Subject: Strange experience in evaluating the value of a matrix

From: Timothy Siahaan

Date: 27 Jun, 2013 14:54:07

Message: 1 of 6

I have a strange experience.

The problem is as follows. I need to minimize a function of several variables. Let the function be f=f(x1,x2,..,x5). (In my case, there are 5 variables).
For that, I need to find the values of x1,...,x5 that makes the following functions:
g1=diff(f,x1);
g2=diff(f,x2);
g3=diff(f,x3);
g4=diff(f,x4);
g5=diff(f,x5);

The Newton-Raphson method is chosen for this problem, meaning that the Jacobian
Jac(i,j)=diff(g i,xj)
Should be calculated.

The strange thing appears here:
In order to do the calculation, the value of the jacobian matrix needs to be evaluated for a certain set of value of x1,x2,x3,x4,x5. After setting the values, I tried to calculate the value of the jacobian by defining a matrix JacVal as follows:
JacVal=eval(Jac).
Since my function is very long, I can understand that this process takes a very long time. However, by changing the approach of calculation, things become very different. If the matrix JacVal is defined component-wise as follows:
for a=1:5
  for b=1:5
   JacVal(a,b)=eval(Jac(a,b));
 end
end,
the result comes out much quicker.

I do not understand why it happens nor know whether the last approach is correct or not.

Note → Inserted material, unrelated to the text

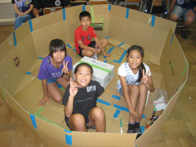 お腹いっぱいになり、帰りのバス内レクでは「なぞなぞクイズ」「手のひら伝言ゲーム」で盛り上がり、伝言の正確さに参加者の皆さんの結束を感じました。 富勢西小学校に着いて、班ごとに分かれ、段ボールハウスを作成しました。夢のマイホーム、コケッコハウス、ダンボール一軒家、K・A家(個人情報なのでイニシャルにしました)、5班の大きな家、ダンボールリラックスハウス。何のことだかお分かりでしょうか? 次のスライドショーをご覧ください。

Any explanation/help is appreciated.

Best Regards,

Timothy

Subject: Strange experience in evaluating the value of a matrix

From: Eric Sampson

Date: 27 Jun, 2013 15:26:06

Message: 2 of 6

"Timothy Siahaan" <timmy_fisika_ugm_99@yahoo.co.id> wrote in message <kqhjmf$a1t$1@newscl01ah.mathworks.com>...
> I have a strange experience.
>
> The problem is as follows. I need to minimize a function of several variables. Let the function be f=f(x1,x2,..,x5). (In my case, there are 5 variables).
> For that, I need to find the values of x1,...,x5 that makes the following functions:
> g1=diff(f,x1);
> g2=diff(f,x2);
> g3=diff(f,x3);
> g4=diff(f,x4);
> g5=diff(f,x5);
>
> The Newton-Raphson method is chosen for this problem, meaning that the Jacobian
> Jac(i,j)=diff(g i,xj)
> Should be calculated.
>
> The strange thing appears here:
> In order to do the calculation, the value of the jacobian matrix needs to be evaluated for a certain set of value of x1,x2,x3,x4,x5. After setting the values, I tried to calculate the value of the jacobian by defining a matrix JacVal as follows:
> JacVal=eval(Jac).
> Since my function is very long, I can understand that this process takes a very long time. However, by changing the approach of calculation, things become very different. If the matrix JacVal is defined component-wise as follows:
> for a=1:5
> for b=1:5
> JacVal(a,b)=eval(Jac(a,b));
> end
> end,
> the result comes out much quicker.
>
> I do not understand why it happens nor know whether the last approach is correct or not.
>
> Any explanation/help is appreciated.
>
> Best Regards,
>
> Timothy

Timothy, I don't exactly understand what you are doing, but I'm curious - why is 'eval' required in either case? What happens if you remove eval() in both cases and try the code again?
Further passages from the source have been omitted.